Saturday, April 23, 2011

pyOpenSSL on PyPy

You may know that I'm the maintainer of pyOpenSSL, a Python extension library which wraps some OpenSSL APIs. pyOpenSSL was started in mid 2001, around the time of Python 2.1, by AB Strakt (now Open End). Shortly afterwards Twisted picked it up as a dependency for its SSL features (the standard library SSL support was unsuitable for non-blocking use). When Twisted bumped into some of pyOpenSSL's limitations and no one else was around to address them, I decided to take responsibility for the project.

Fast forward almost a decade. pyOpenSSL now runs on Python 2.4 through Python 3.2. And soon I hope it will run on PyPy, too.

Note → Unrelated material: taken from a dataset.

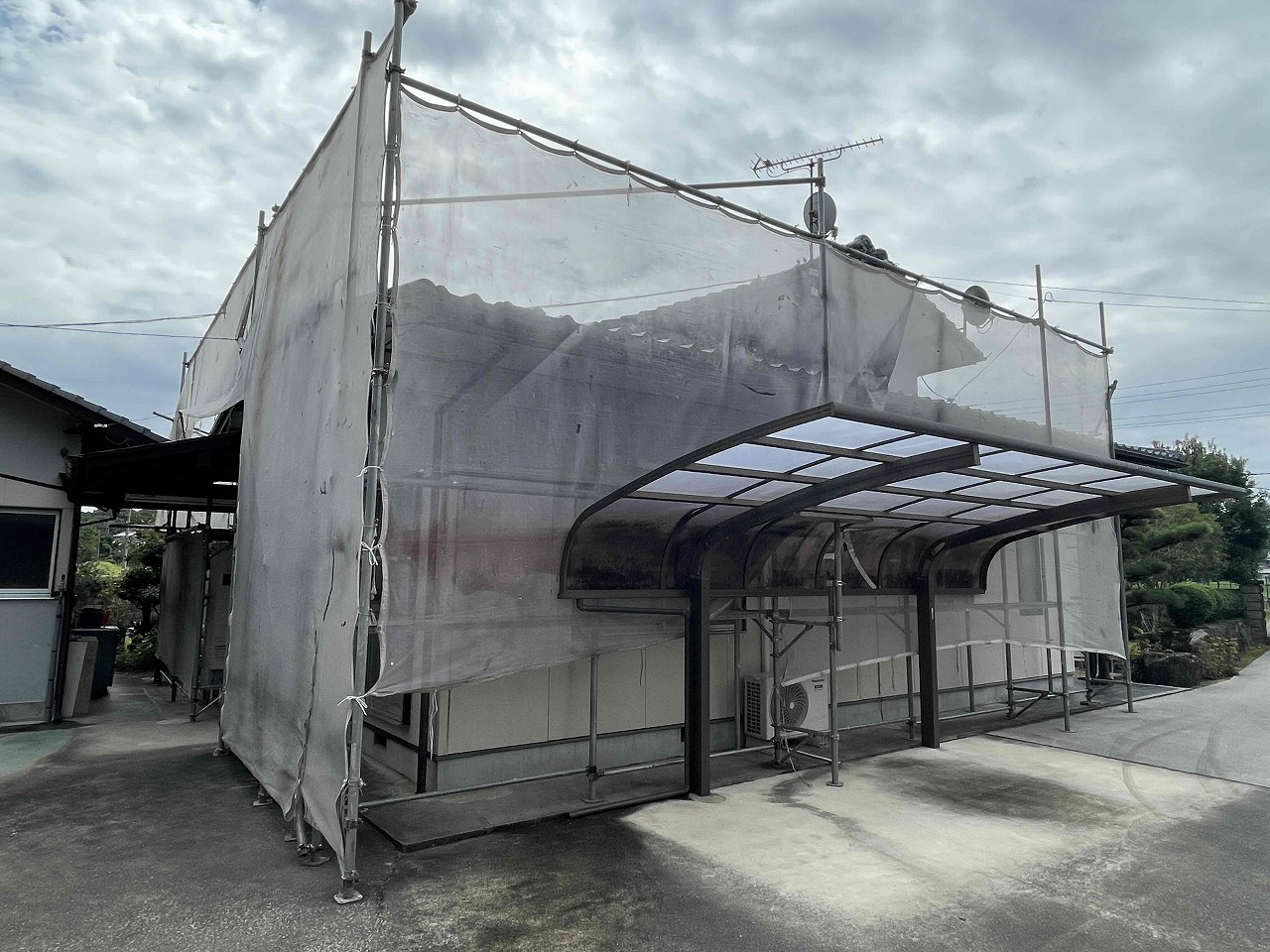 香川県綾歌郡綾川町にて外壁塗装工事の足場を設置いたしました!

This post is about some of the things I learned while getting pyOpenSSL to work on PyPy.  All of this work is made possible, of course, by the "cpyext" module of PyPy which implements CPython's C extension API for PyPy. 

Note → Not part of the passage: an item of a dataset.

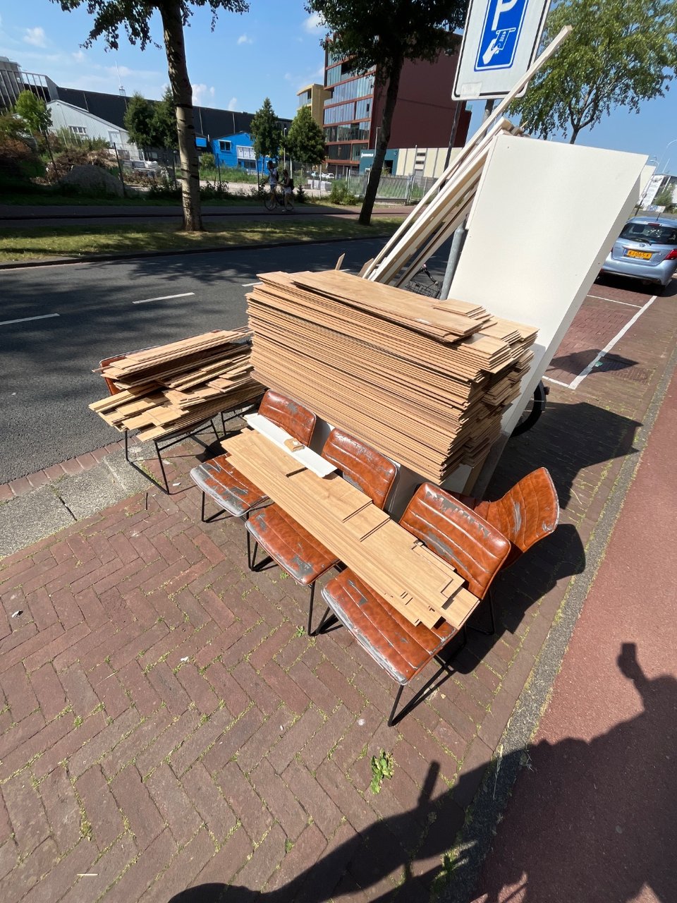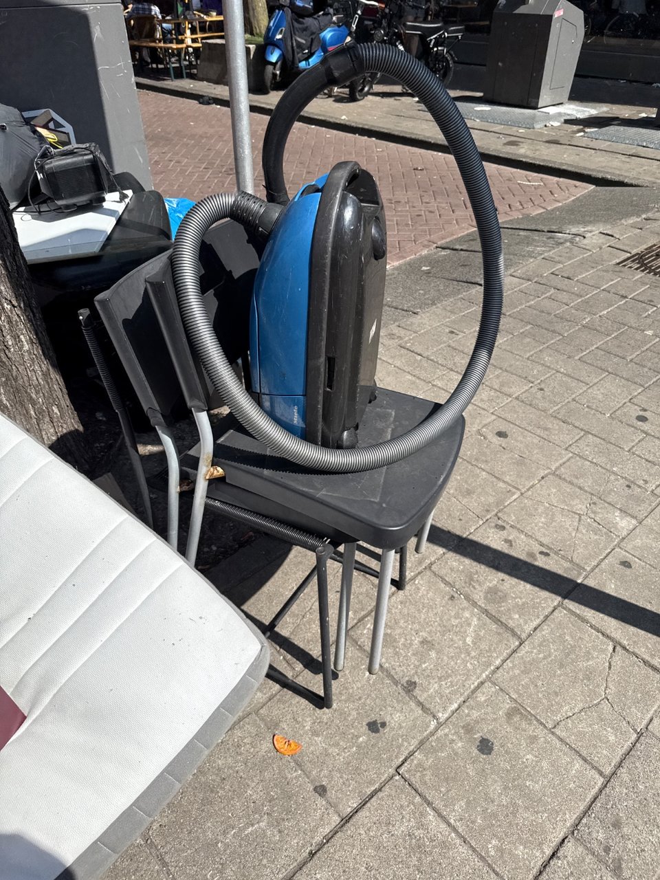 Shoe cabinet, new laptop bag, hiking bag used kitchen items, ladies clothing, kid's games. Note: Red suitcase is broken. Tolstraat 2

PyModule_AddObject steals references

When an extension module wants to expose a name, the most common way it does this is by using PyModule_AddObject. This adds a new attribute to the module, given a char* name and a PyObject* object. CPython uses reference counting, so the PyObject* has a counter on it recording how many different pieces of code still want it to remain alive. When populating a new module, the PyObject* you have generally have a reference count of 1. PyModule_AddObject steals this reference: it doesn't increase the reference count, it just assumes that the caller is giving up its interest in the object remaining alive; now it is the module to which the PyObject* was added which has that interest. So the reference count is still 1.

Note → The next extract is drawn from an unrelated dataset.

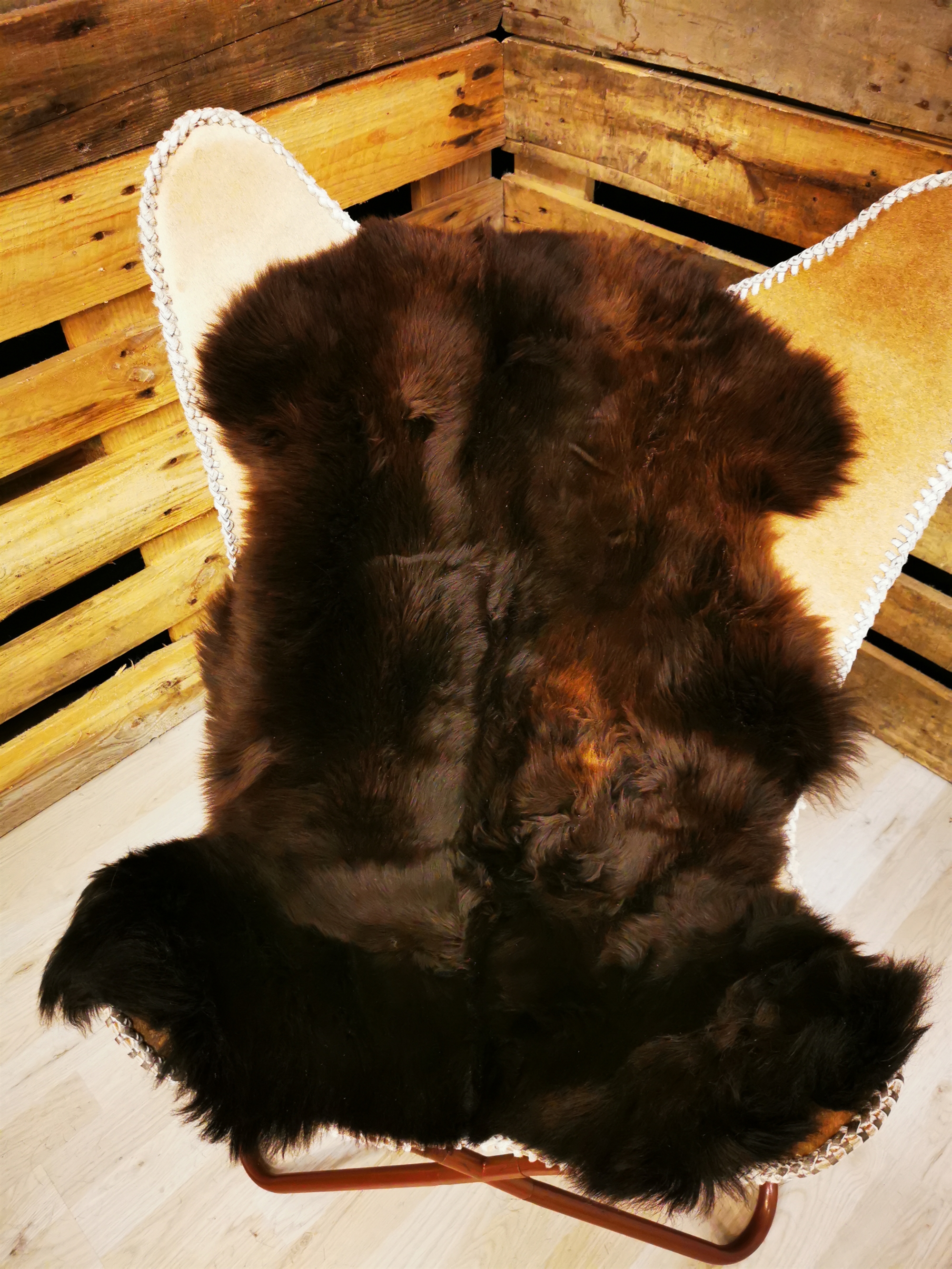 Skindet måler 95cm. Unikt lammeskind. Skindet stammer fra bæredygtig produktion. 2.sortering skind. Skindet kan have følgende fejl: Plet, Kortklippet, Farvet, Ude af facon, Syet sammen på bagsiden, Hul. Når du bestiller dette skind, så er det også dette skind som du for tilsendt. Alle skindene er nummereret med unikke numre.

pyOpenSSL exposes a few names which are just aliases for other names (for example, X509Name and X509NameType refer to the same object). It does this by calling PyModule_AddObject twice with the same PyObject* but different char* names. Considering what wrote above about reference counts above, you might guess that this needs extra work to get the reference counting to work correctly. Otherwise the second PyModule_AddObject would steal a reference from the first PyModule_AddObject, since that's what stole it from the module initialization code. This wouldn't work very well, since there really are two references to the PyObject* now, not just one.

Though, it turns out that on CPython, it doesn't really matter. The reference count for one of these types, say X509Name again, ends up at around 20 by the time everything is initialized. Being off by one doesn't make a difference, because most of those 20 references last for the entire process lifetime. The value never gets close to 0, so the missing reference is never noticed. However, on PyPy, it turns out the missing reference does matter. I won't try to explain how PyPy manages to support CPython's C extension API, nor how it manages to make a reference counting system play together with a fully garbage collected runtime (ie, PyPy doesn't normally do reference counting). Suffice it to say that on PyPy, sometimes the reference count does get close to 0, and at those times, being off by 1 can be important - because it might mean that the reference count is exactly 0 when it was supposed to be 1. When that happens, PyPy frees the object, but other code continues to use it, and after that the behavior you get is difficult to predict due to memory corruption - but it's certainly not correct.

The fix for this one is simple - add a Py_INCREF before PyModule_AddObject. This was by far the most pervasive bug in pyOpenSSL which needed to be fixed, since it was repeated for each aliased type pyOpenSSL exposed. I added 28 Py_INCREF calls in total to address these.

PyPy doesn't support tp_setattr (yet?)

The type I mentioned above, X509Name, customizes attribute access. It needs to delegate to OpenSSL to determine if an attribute is valid or not, and if so what its current value is. It does this by implementing two C functions, one for the tp_setattr slot and one for the tp_getattro slot. No, that o isn't a typo. The CPython C extension API provides two different ways to customized attribute access. Using one way, tp_setattr and tp_getattr, CPython hands the extension function the name of the attribute as a char*. Using the other way, tp_setattro or tp_getattro, a PyObject* is passed in, instead of a char*.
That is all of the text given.